WIBX
- Utica, New York; United States;
- Broadcast area: Mohawk Valley
- Frequency: 950 kHz
- Branding: 950 and 92.3 WIBX

Programming
- Format: News/Talk
- Network: Fox News Radio
- Affiliations: Compass Media Networks Premiere Networks Westwood One

Ownership
- Owner: Townsquare Media; (Townsquare Media Licensee of Utica/Rome, Inc.);
- Sister stations: WFRG-FM, WLZW, WODZ-FM, WOUR

History
- First air date: December 5, 1925; 100 years ago
- Former frequencies: 1460 kHz (1925–1926); 1280 kHz (1926–1927); 1260 kHz (1927–1928); 1200 kHz (1928–1941); 1230 kHz (1941–1948);

Technical information
- Licensing authority: FCC
- Facility ID: 168
- Class: B
- Power: 5,000 watts
- Transmitter coordinates: 43°6′12.3″N 75°20′29.6″W﻿ / ﻿43.103417°N 75.341556°W
- Translator: 92.3 W222DA (Utica)

Links
- Public license information: Public file; LMS;
- Webcast: Listen Live
- Website: wibx950.com

= WIBX =

WIBX (950 AM) is a commercial radio station in Utica, New York. It is one of Central New York's oldest radio stations, dating back to 1925. The station airs a news/talk radio format and is owned by Townsquare Media as part of a cluster with adult contemporary 98.7 WLZW, country music 104.3 WFRG-FM, classic hits 96.1 WODZ, and classic rock 96.9 WOUR. The studios and offices are on River Road in Marcy, New York.

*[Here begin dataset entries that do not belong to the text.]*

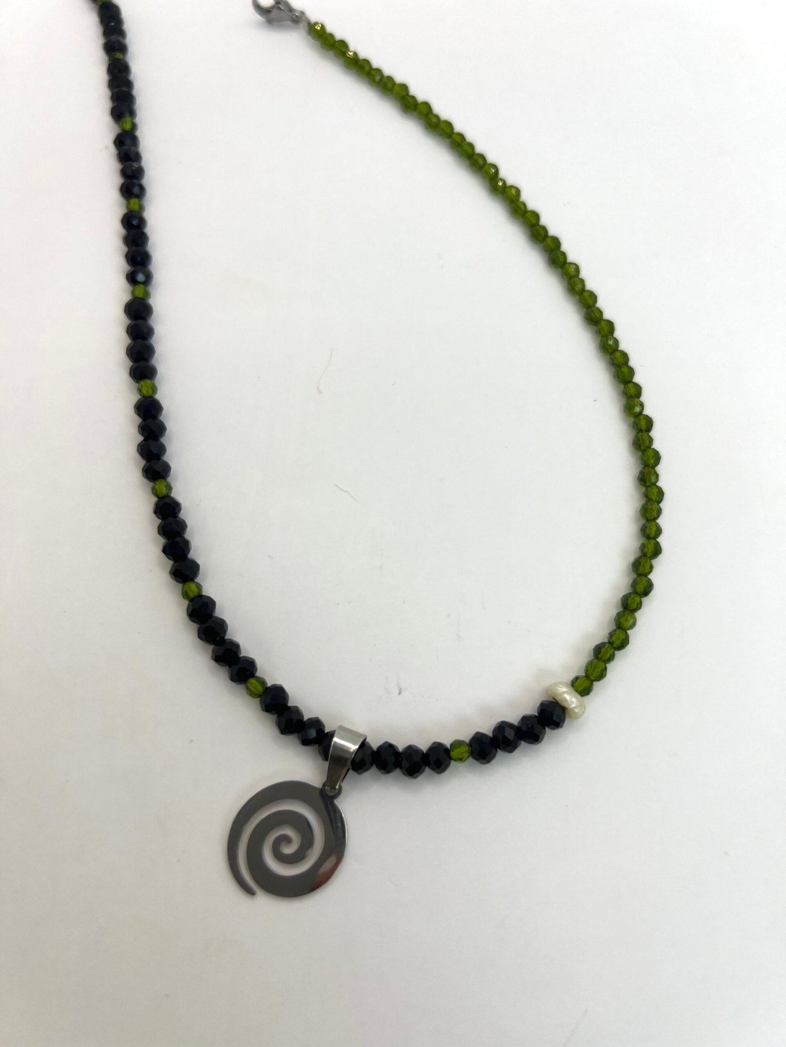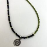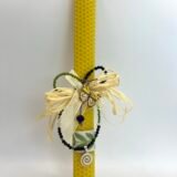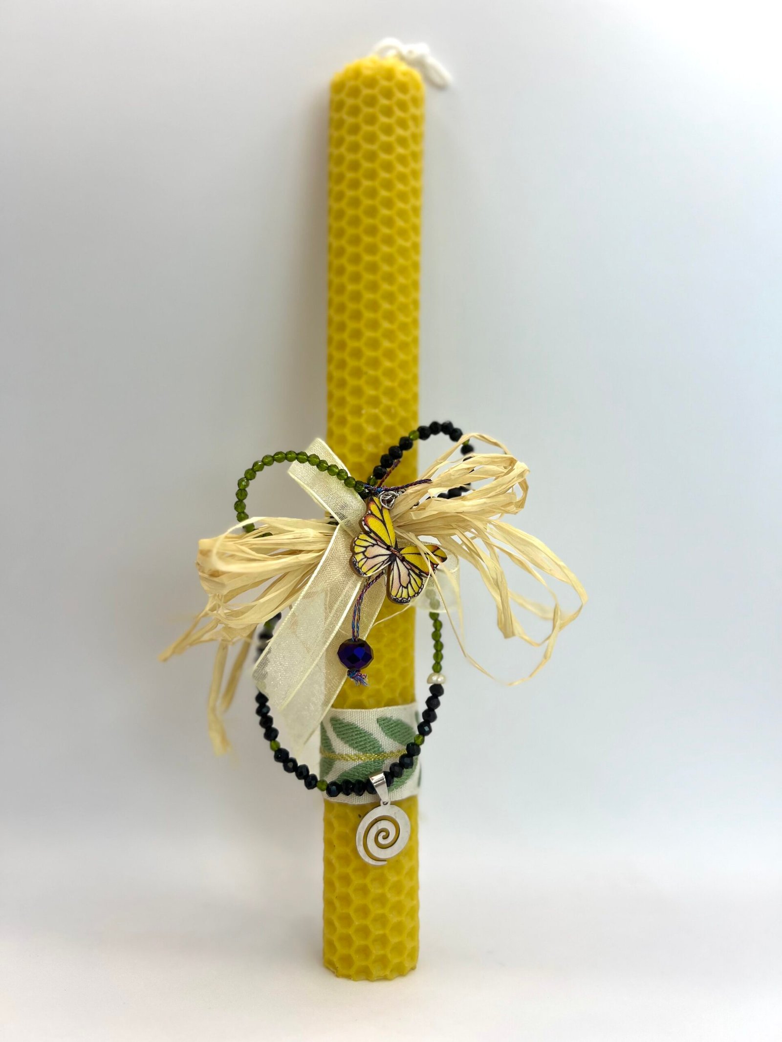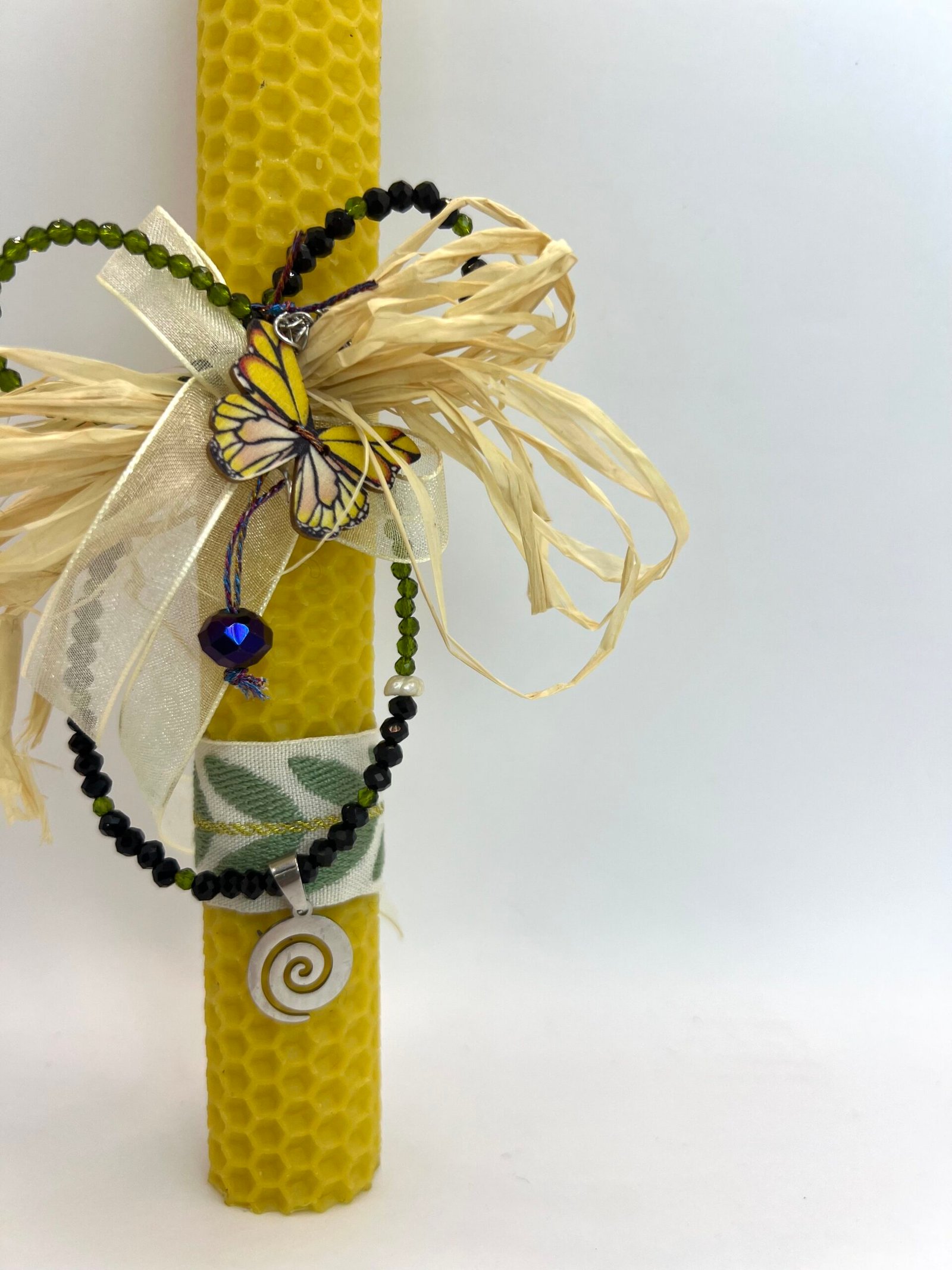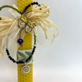 Χειροποίητη λαμπάδα (25cm) από πραγματικό μελισσοκέρι, σε φυσικό χρώμα, διακοσμημένη με μπεζ κορδέλα με πράσινα φύλλα, κύπερη, λευκή κορδέλα και καρφίτσα κίτρινη πεταλούδα. Συνδιάζεται με κοντό κολιέ με πράσινα και μαύρα κρυσταλλάκια με το σύμβολο της ‘”Σπείρας”.
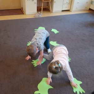 Dzień Dinozaura w grupie waniliowej to świetna okazja do zabaw ruchowych po śladach dinozaurów.
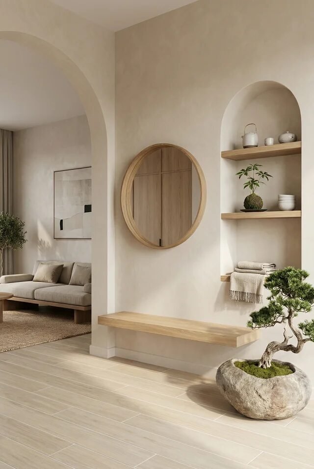 This entryway is basically whispering “relax, we’ve got our life together.” The soft arches instantly create a sense of flow, guiding your eye from one zone to another without harsh breaks. Arches are key in Japandi because they soften structure and make transitions feel natural, not forced. Paired with the round mirror, we get that curve-on-curve harmony that feels super intentional.
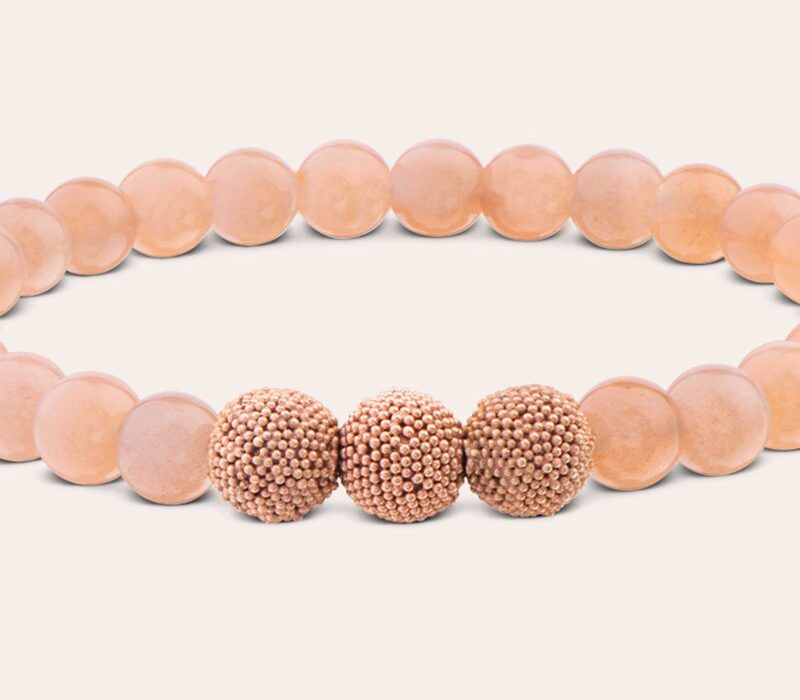 Wahre Eleganz für die Ewigkeit beweist die exklusive Symbiose aus rosa Mondstein in 6 mm an diesem Damenarmband, elegant abgerundet mit Roségold vergoldeten Silberperlen für einen edlen Blickfang an Deinem Handgelenk.
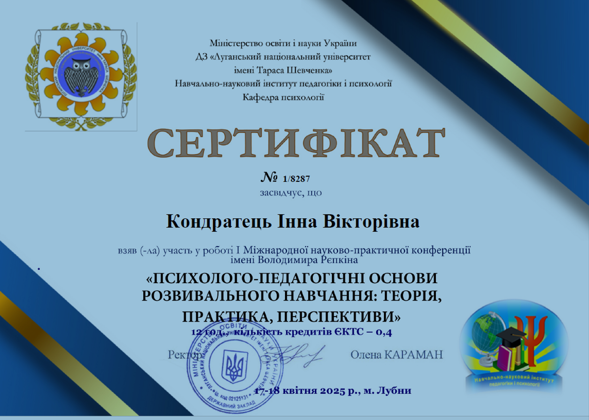 | 12367 | І міжнародна науково-практична конференція імені Володимира Рєпкіна «Психолого-педагогічні основи розвивального навчання: теорія, практика, перспективи» | Використання арттехнік з учасниками освітнього процесу: рефлексійні аспекти | Лубни |
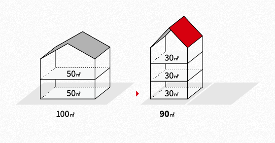 土地の面積をカットしても、3階建てにすることで2階建てと変わらない延べ床面積を確保することができます。狭小地に家を建てるノウハウと高い技術力が、狭小地の3階建てを可能にしています。

WIBX broadcasts at 5,000 watts around the clock. It uses a directional antenna system with a four-tower array to avoid interfering with other stations on AM 950. The transmitter site is off Clark Mills Road in Whitesboro, New York. WIBX is also heard on FM translator W222DA at 92.3 FM.

==Programming==
===Weekdays and weekends===
WIBX broadcasts nationally syndicated conservative talk programs from Premiere Networks, Westwood One and Fox News Radio: The Brian Kilmeade Show, Fox Across America with Jimmy Failla, The Sean Hannity Show, The Guy Benson Show, The Michael Berry Show and Coast to Coast AM with George Noory.

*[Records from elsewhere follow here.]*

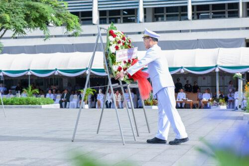 Associate Professor Charnchai Panthongviriyakul, M.D., President of Khon Kaen University, led university personnel in paying tribute to the Prince Father’s profound contributions. The ceremony, held before the royal monument in front of Srinagarind Hospital, Faculty of Medicine, Khon Kaen University, was presided over by Mr. Kaisorn Kongchalad, Governor of Khon Kaen Province.
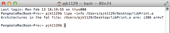 然後打入如下命令:lipo -info /Users/pjk1129/Desktop/libPrint.a
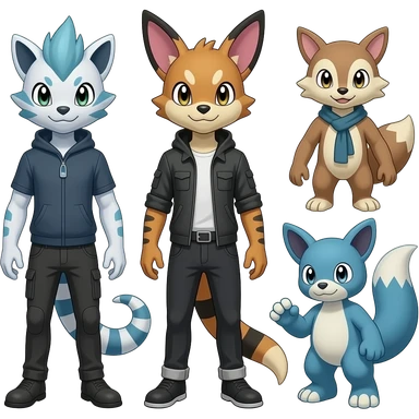 Cool Anthro Dark Absol-Noivern-Quilava-Litten-Pokémon with edgy stripes hoodie spiked collar punk Full Body emoji
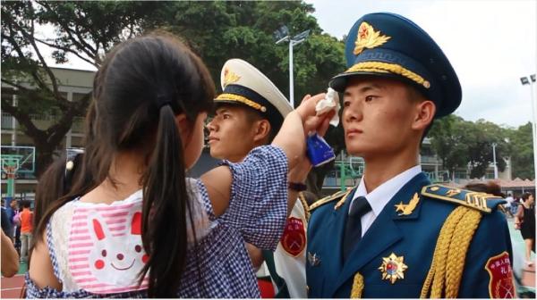 小朋友为解放军叔叔轻轻擦去额头汗水。(图片来源:香港文汇报)
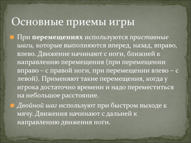 Слайд 10При перемещениях используются приставные шаги, которые выполняются вперед, назад, вправо, влево.
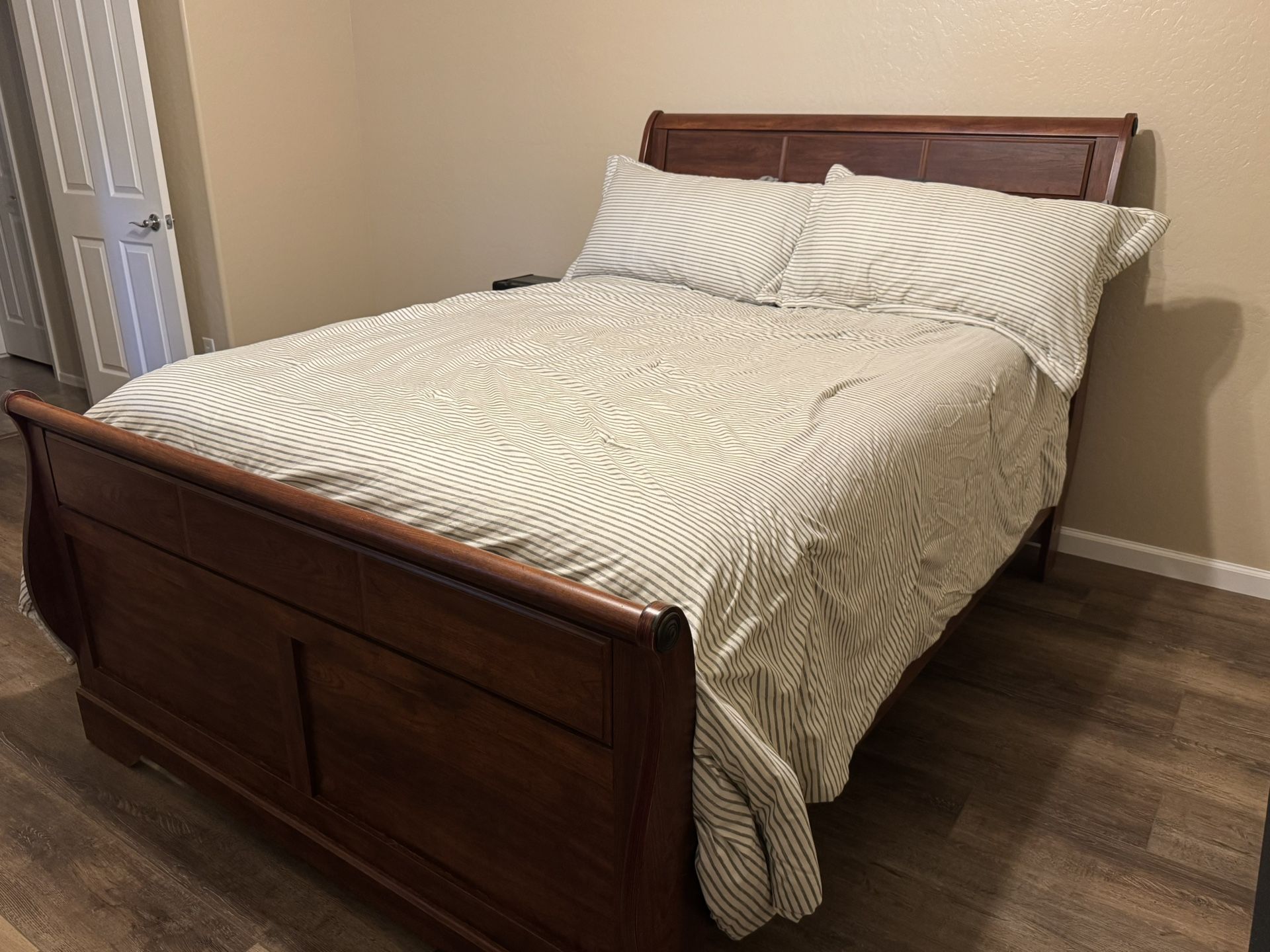 Queen size bed includes frame, mattress and box spring. In good condition. I cannot deliver!
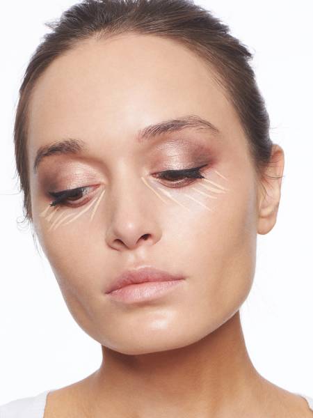 Погрешности в нанесении теней скорректируйте с помощью консилера. Мы использовали High Precision Retouch от Giorgio Armani – он не сушит кожу и не забивается в мимические морщины. Консилер поможет убрать осыпавшиеся частички хайлайтера и замаскировать синяки под глазами, поэтому не забудьте нанести его во внутренний уголок глаза – там, где проходит вена, которая и «задает тон» всему синяку.
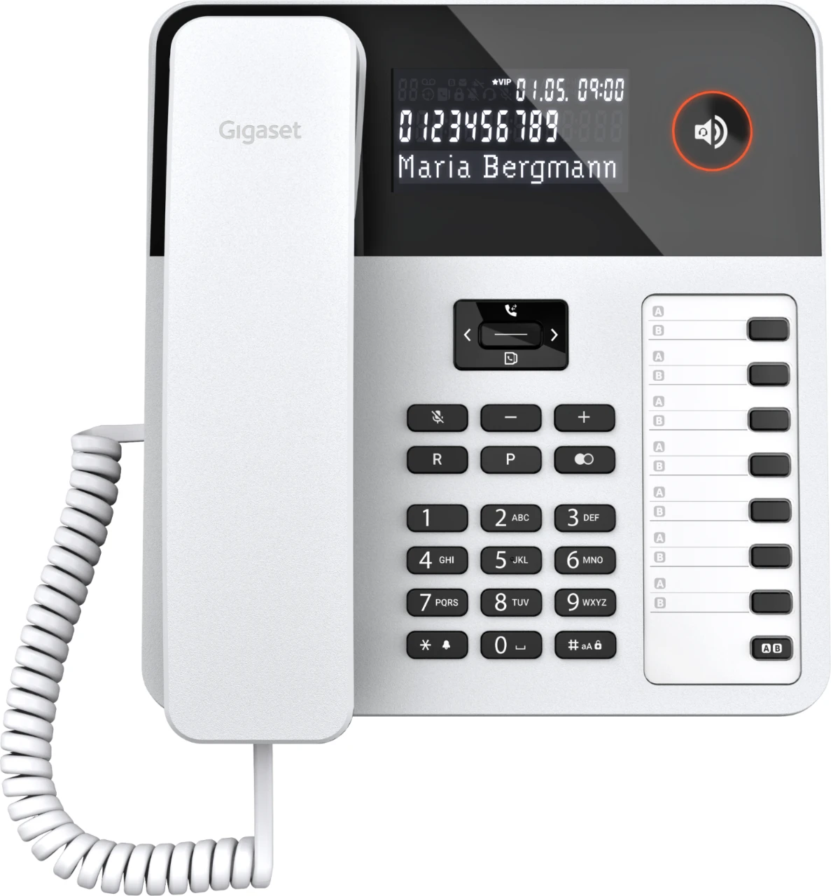 Das Gigaset DESK 600 verfügt über ein dreizeiliges LC-Display mit LED-Hintergrundbeleuchtung, das Rufnummer, Name,Gesprächszeit und VIP-Status (sofern zugeteilt) des Anrufers anzeigt. Der Startbildschirm informiert zudem über das Datum, die Uhrzeit und den Wochentag.

On weekends the station features shows about money, health, home repair, the law, and technology. Weekend syndicated programs include The Chris Plante Show, America at Night with Rick Valdés, The Money Pit Home Improvement Radio Show, The Kim Komando Show, The Weekend with Michael Brown, Handel on the Law with Bill Handel, The Townhall Week in Review and Somewhere in Time with Art Bell, as well as repeats of weekday shows. Most hours begin with an update from Fox News Radio.

===Charitable broadcasts===
The station conducts a radiothon for the American Heart Association every March. It was first held in 1971 in memory of Ralph Allinger, a WIBX staffer who died of a heart attack. In subsequent years, the American Heart Association has also held additional fundraisers in the Mohawk Valley, including a run and walk, to supplement the radiothon.

==History==
===Early years===

WIBX was first licensed on July 29, 1925, to a local radio dealer, Grid-Leak (Inc.) at 236 Genesee Street in Utica. It began broadcasting on December 5, 1925. Its call letters were randomly assigned from a sequential roster of available call signs. The company put the station on the air to provide programming for customers who bought radios. WIBX's facilities were housed at the store. The following April, Grid Leak transferred the station to a subsidiary, WIBX, Inc., and a month later new studios were opened at the Hotel Utica. Initially operating at 1460 kilocycles, WIBX moved to 1280 kHz in late 1926, and then to 1260 kHz in April 1927. Among Central New York radio stations, only WSYR is older, going on the air in 1922.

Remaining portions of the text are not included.